Finalmente sai no Brasil Medo e Delírio em Las Vegas, a obra-prima de Hunter Thompson, em que ele e seu advogado samoano vão à cidade dos cassinos tentar entender, através de corridas de motos no deserto e convenções policiais sobre drogas, o que aconteceu com a América.
Mas a impressão que temos é que antes de a viagem começar eles já conheciam a resposta. Sabiam que o país tinha perdido sua última chance. Em 71, ano em que o livro foi escrito, Jimi Hendrix e Janis Joplin já estavam mortos, deixando Nixon e o Vietnã em seu lugar. Com isso o que de fato acontece é que Thompson e seu companheiro nem ao menos tentam fazer alguma investigação, mas decidem aproveitar a viagem para fazer uma declaração. Eles enxergam exatamente a mesma coisa que Robert Crumb, mas ao invés de se tornarem críticos distantes e cínicos como ele, optam pela posição contrária, a assimilação e o confronto direto com o "inimigo".
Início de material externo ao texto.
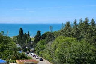 • Балкон выходит на тихую сторону — утром встаёт солнышко и поют птички, боковой вид на море
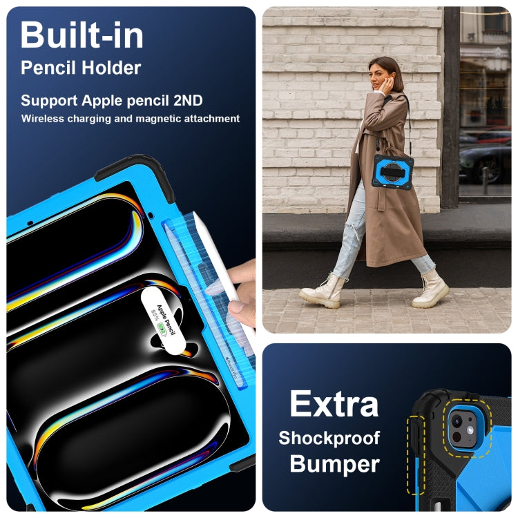 For iPad Pro 13 2024 Contrast Color Robot Silicone Hybrid PC Tablet Case(Black Blue)
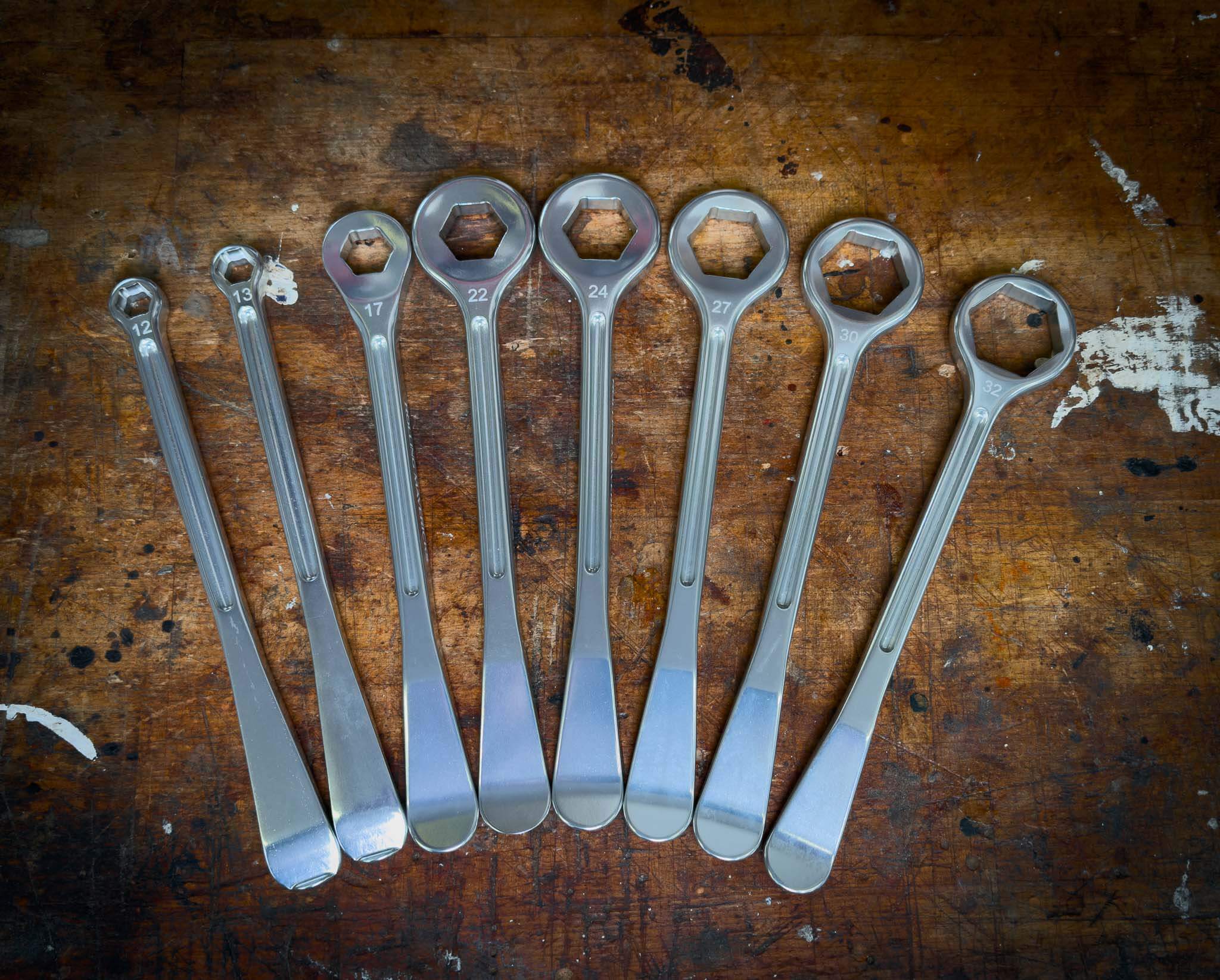 All combo levers from 17 mm on up are 244 mm (9.6 inches) long and fit any 250 mm (10-inch) tool roll, which also fits the Rolling Mavericks Ultralight Enduro Trail Jack Stand.
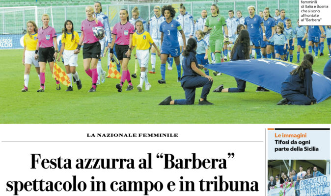 L’edizione odierna de “La Repubblica” esalta la sfida di calcio femminile tra Italia e Bosnia, che si è tenuta ieri al “Barbera”. In oltre cinquemila hanno riempito gradinata e tribuna. «Non potevo mancare – dice Mariella – prima il calcio femminile nemmeno si riusciva a vedere in televisione, adesso finalmente posso assistere a una partita nel mio stadio dove di solito guardo il Palermo». Il popolo del calcio femminile è variopinto: ci sono tutte le giocatrici delle squadre siciliane ognuna con i propri colori sociali. Ma anche semplici appassionate. «Fino a qualche anno fa – racconta Valentina – quando andavamo a giocare a calcetto eravamo viste come marziane. E non vi dico le battutine. Adesso nemmeno ci fanno più caso se fra un campo e l’altro giochiamo noi o una partita di maschietti. Almeno in questo un po’ di parità l’abbiamo guadagnata». In tribuna erano presenti anche Dario Mirri, Renzo Castagnini e Gianluca Paparesta. Una fila più in basso anche una delegazione di giocatori rosanero composta da Erdis Kraja, Mattia Fallani, Massimiliano Doda, Francesco Vaccaro, Lorenzo Bechini e Manuel Peretti. Presente anche la Ludos Palermo: «È il punto più alto mai raggiunto dal movimento – dice Antonella Licciardi – il cambio di passo rispetto al recente passato è netto e non solo per noi che abbiamo sempre fatto calcio femminile a Palermo, ma per tutto il movimento a livello nazionale. C’è visibilità e per noi è il riconoscimento di un lavoro di tantissimi anni».
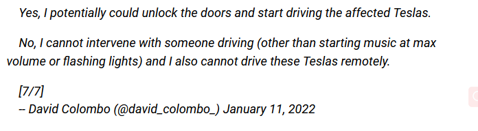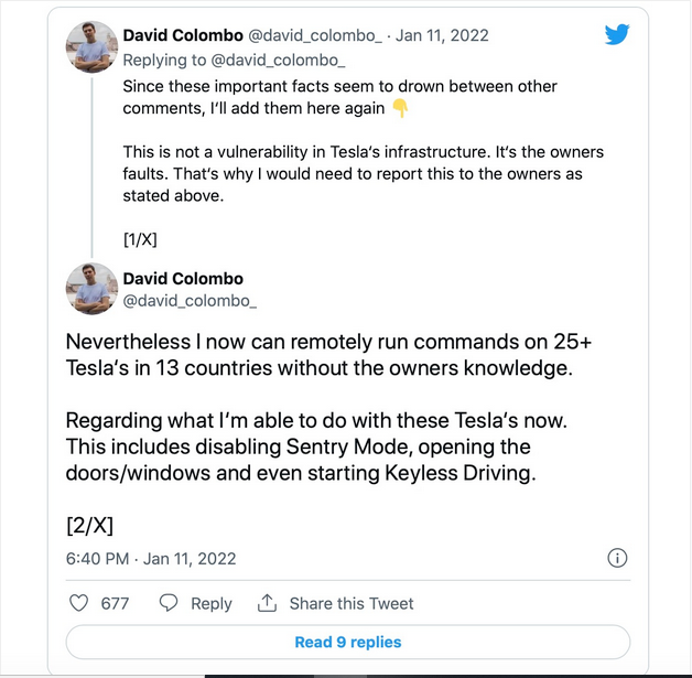 David Colombo后来在Twitter表示,他已经与特斯拉的安全团队取得了联系,并且他表示特斯拉的安全团队正在调查这个问题,该团队会向他反馈最新信息。
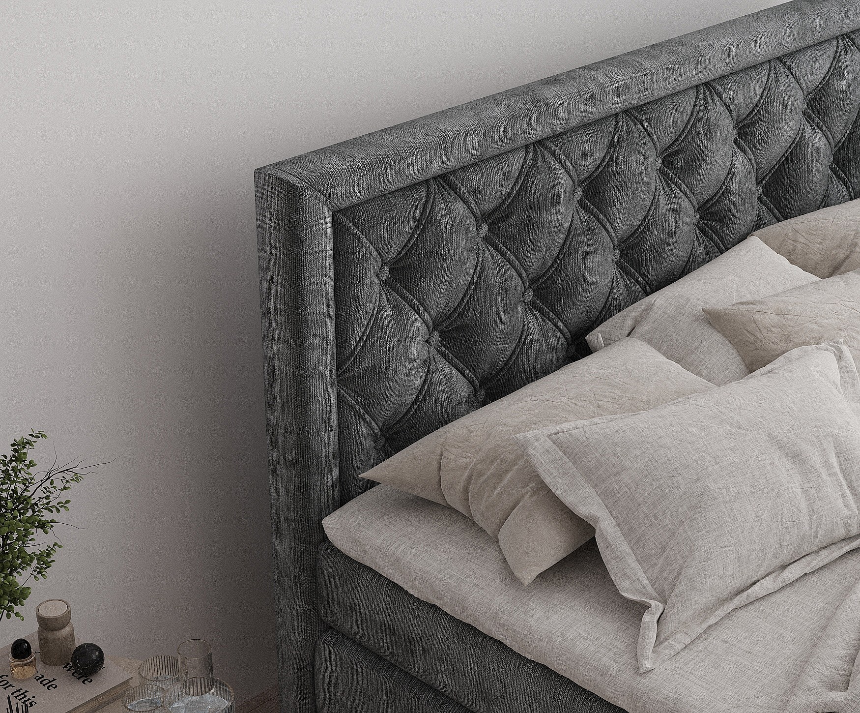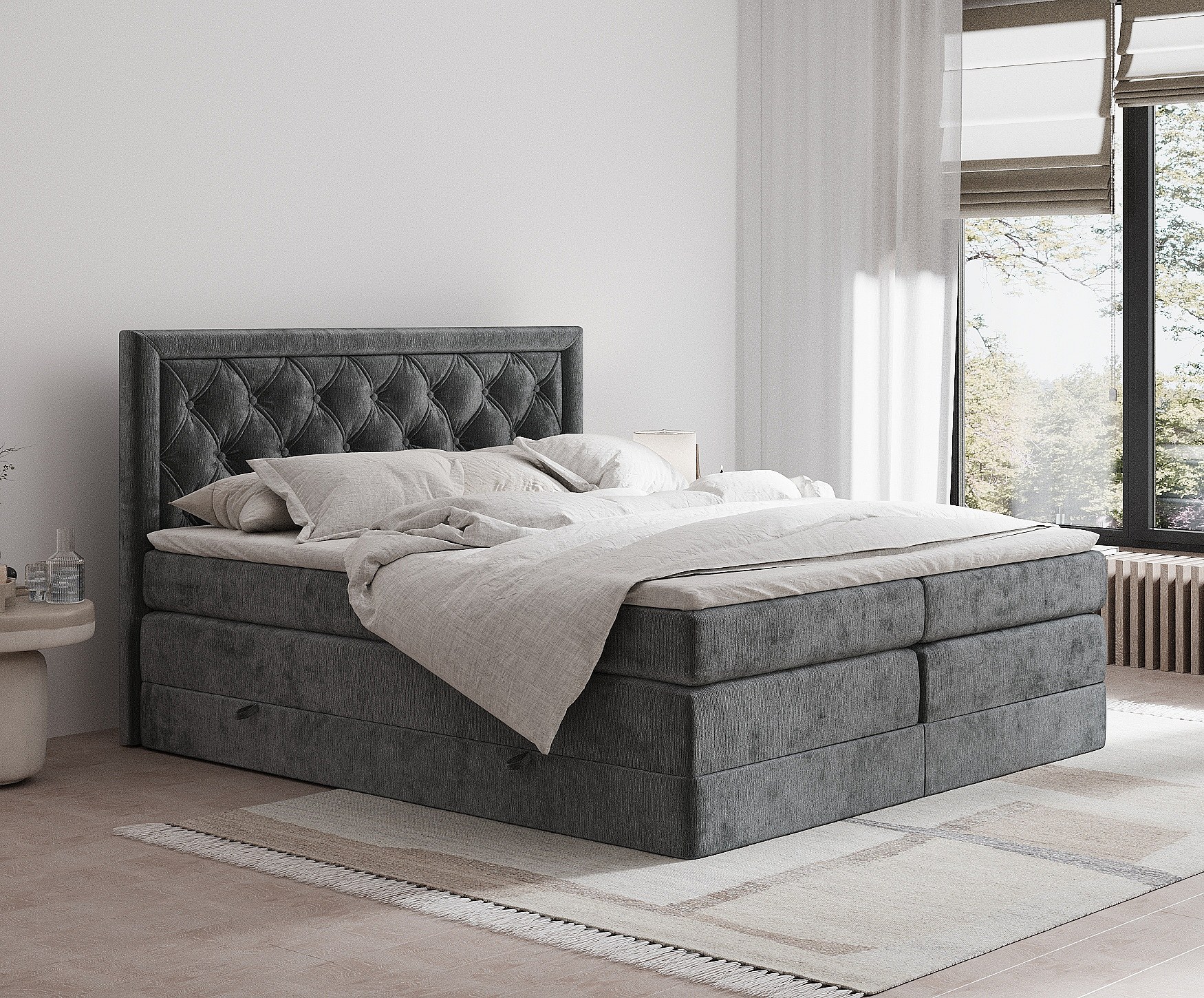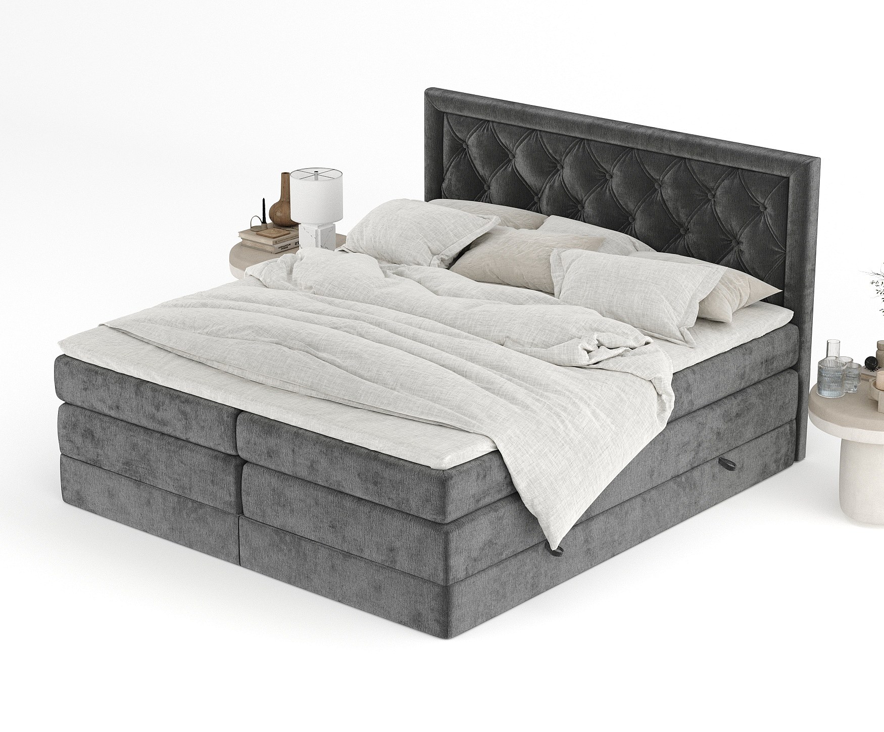 Lit boxspring en tissu chenille Aurelia - matelas - surmatelas - 200x200 cm - gris foncé

Ambos se entopem de todos os tipos de drogas imagináveis e passam a apavorar corretos cidadãos americanos, arranjar brigas com garçons e destruir carros e quartos de hotel, como que dizendo "se é isso que vocês querem é isso que vão ter". No fim, a coisa toda se torna uma jornada destrutiva que parece adiantar em alguns anos o No Future formalizado no final daquela década. O Doutor Thompson questiona:
"Ah, que perda de tempo. Memórias dolorosas e flashbacks horrendos, dirigindo por entre as brumas do tempo na Stanyan Street... relembrar não faz sentido e não proporciona nenhum conforto aos que restaram. A questão, como sempre, é - e agora...?"Curioso é que o livro não tem um tom pesado, não é uma daquelas narrativas sobre drogas e corrupção que pregam o apocalipse. Muito pelo contrário, toda a loucura é desejada e induzida pelos próprios protagonistas. Parece que à sua maneira eles experimentam a transição explicada por David Harvey (Condição Pós-Moderna):
"O modernismo dedicava-se muito à busca de futuros melhores, mesmo que a frustração perpétua desse alvo levasse à paranóia. Mas o pós-modernismo tipicamente descarta essa possibilidade ao concentrar-se nas circunstâncias esquizofrênicas induzidas pela fragmentação e por todas as instabilidades (inclusive as lingüísticas) que nos impedem até mesmo de representar coerentemente, para não falar de conceber estratégias para produzir, algum futuro radicalmente diferente."É como se constatassem que o sonho havia definitivamente acabado e testassem de forma inocente e desesperada, através da alteração química de seus estados mentais, como seria a vida após isso, intuitivamente entendendo a idéia apresentada em O Anti-Édipo:
"Um esquizofrênico passeando é um modelo melhor que um neurótico deitado no divã do analista. Uma respirada de ar fresco, uma relação com o mundo exterior."